Key Takeaways
- First-quarter 2026 revenue reached $399 million for Nebius, marking a 684% year-over-year increase and crushing EPS projections by 71.6%
- Citi analysts established a new Street-leading price target of $287 on NBIS shares, elevated from $169, while reaffirming their Buy stance
- Shares have climbed 138% since January and delivered a remarkable 434% return over twelve months, pushing market capitalization near $55.65 billion
- Major customer agreements include approximately $27 billion with Meta and $17.4 billion with Microsoft; Nvidia committed $2 billion in capital during March
- Capital expenditure guidance for 2026 increased to $20–$25 billion, with management targeting an annual revenue run rate between $7–$9 billion by December
Nebius Group delivered remarkable first-quarter financial performance while securing Wall Street’s most bullish price projection from Citi, cementing its position as a must-watch AI infrastructure stock.
First-quarter 2026 sales totaled $399 million, representing a dramatic 684% surge from the prior-year figure of $50.9 million. The result exceeded market predictions significantly. Earnings per share registered at -$0.23 compared to analyst consensus of -$0.81, representing a positive variance of 71.6%.
Shares rallied 15.72% during the trading session following the earnings announcement. The stock has appreciated 138% since the beginning of the year and posted gains of 434% across the trailing twelve-month period.
Citi responded swiftly to the quarterly disclosure. Shortly after results were published, the investment bank elevated its valuation target to $287 from its previous $169 mark, establishing the highest projection among Wall Street firms while maintaining a Buy recommendation. The rationale centered on Nebius’s exceptional expansion trajectory and the substantial infrastructure contracts underpinning future performance.

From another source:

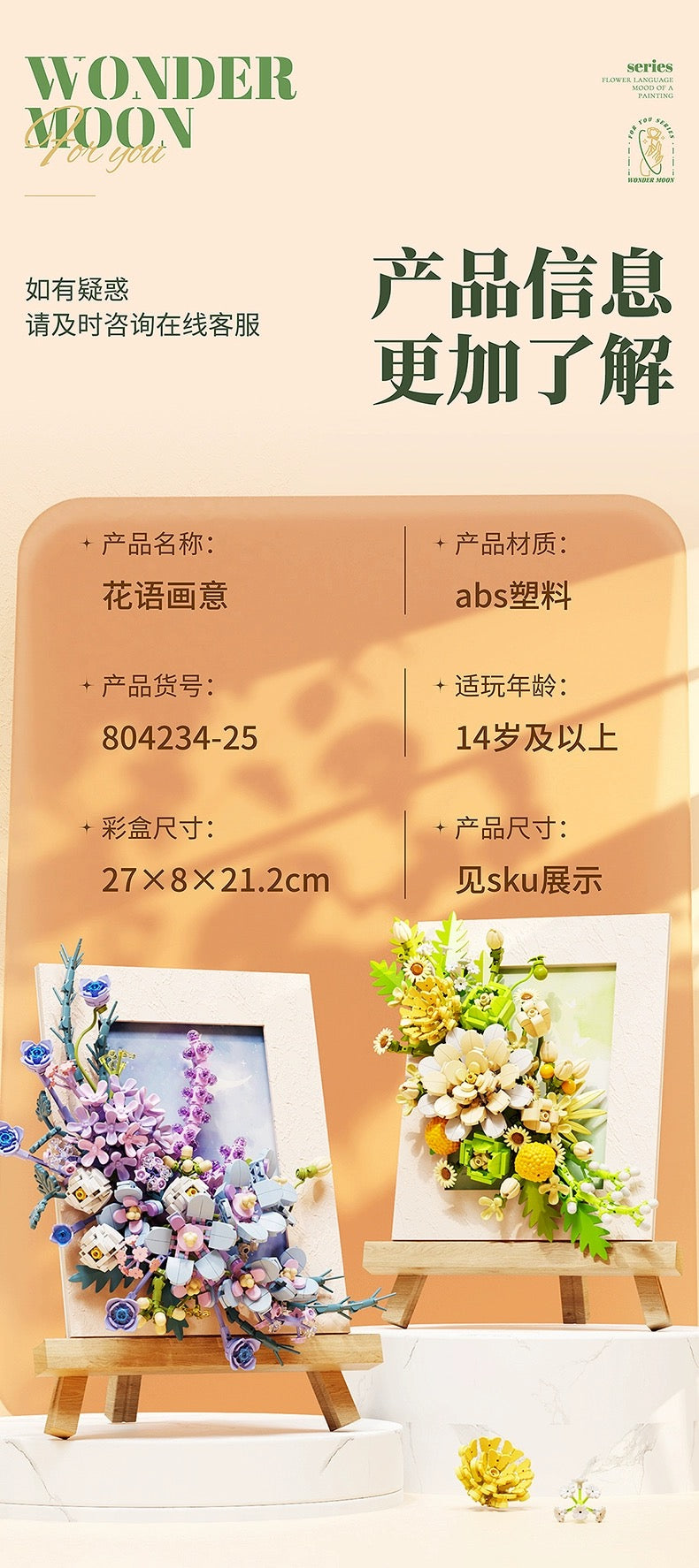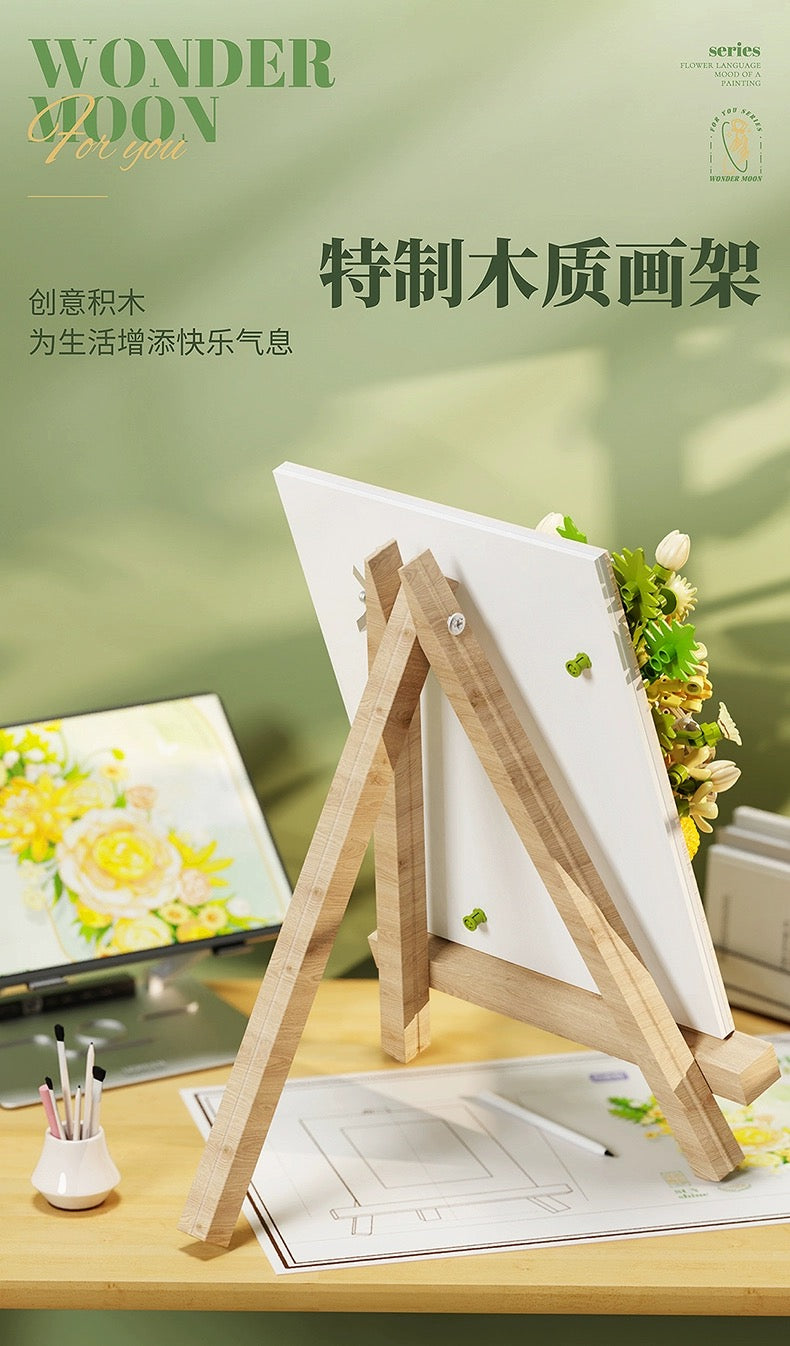 Block Building Romantic Flower Frame | Purple Blue White Green - DIY Handmade Mini World Miniature Gift

The AI Cloud division powered the company’s growth, posting an 841% increase to reach $390 million in revenue. Adjusted EBITDA transformed from a $53.7 million deficit to a $129.5 million surplus. Net income from continuing operations reversed from a $104.3 million loss to generate $621.2 million in profit.
Challenges remain visible in the financial picture. Adjusted net loss expanded to $100.3 million from $83.6 million in the comparable period, reflecting substantial investment requirements to support rapid scaling. Management also increased its 2026 capital expenditure forecast to a range of $20–$25 billion, elevated from the prior $16–$20 billion guidance.
Strategic Partnerships Fuel Long-Term Pipeline
Substantial infrastructure agreements anchor the company’s forward outlook. A multi-year arrangement valued near $27 billion with Meta, combined with a $17.4 billion commitment from Microsoft, establishes a substantial multi-year revenue foundation. Nvidia contributed $2 billion in strategic investment during March and is collaborating with Nebius on cloud infrastructure solutions for robotics and physical AI applications.
Construction has commenced on a gigawatt-scale AI facility located in Independence, Missouri. Additional expansion plans include a 1.2 GW power supply agreement supporting a potential $20 billion buildout across the United States.
The company maintains ownership of over 75% of its contracted power capacity, an exceptionally high percentage for AI cloud infrastructure providers. This ownership structure delivers enhanced margin control and cost advantages compared to competitors who predominantly lease their energy requirements.
Strategic Acquisitions and Technology Integration
Nebius continues platform expansion through targeted acquisitions. The company intends to acquire Eigen AI to enhance its Token Factory inference platform, while onboarding Clarifai’s engineering team and licensing inference intellectual property to accelerate model deployment capabilities.
An agreement to acquire Tavily will introduce agentic search functionality to the cloud portfolio. A strategic alliance with CrowdStrike delivers comprehensive security across its next-generation cloud infrastructure.
The organization introduced Nebius AI Cloud 3.5, featuring serverless AI capabilities that enable developers to access on-demand computing resources without infrastructure management overhead.
Balance sheet metrics show $9.3 billion in cash holdings against $8.4 billion in long-term debt obligations as of the first-quarter conclusion.
Management projects the company will reach an annual revenue run rate spanning $7–$9 billion by the conclusion of 2026. The subsequent quarterly earnings disclosure is calendared for August 6, 2026. Wall Street analysts currently model Q2 2026 EPS at -$0.69.
Across a panel of 14 analysts, the consensus recommendation stands at “Moderate Buy” with a mean price objective of $205.20.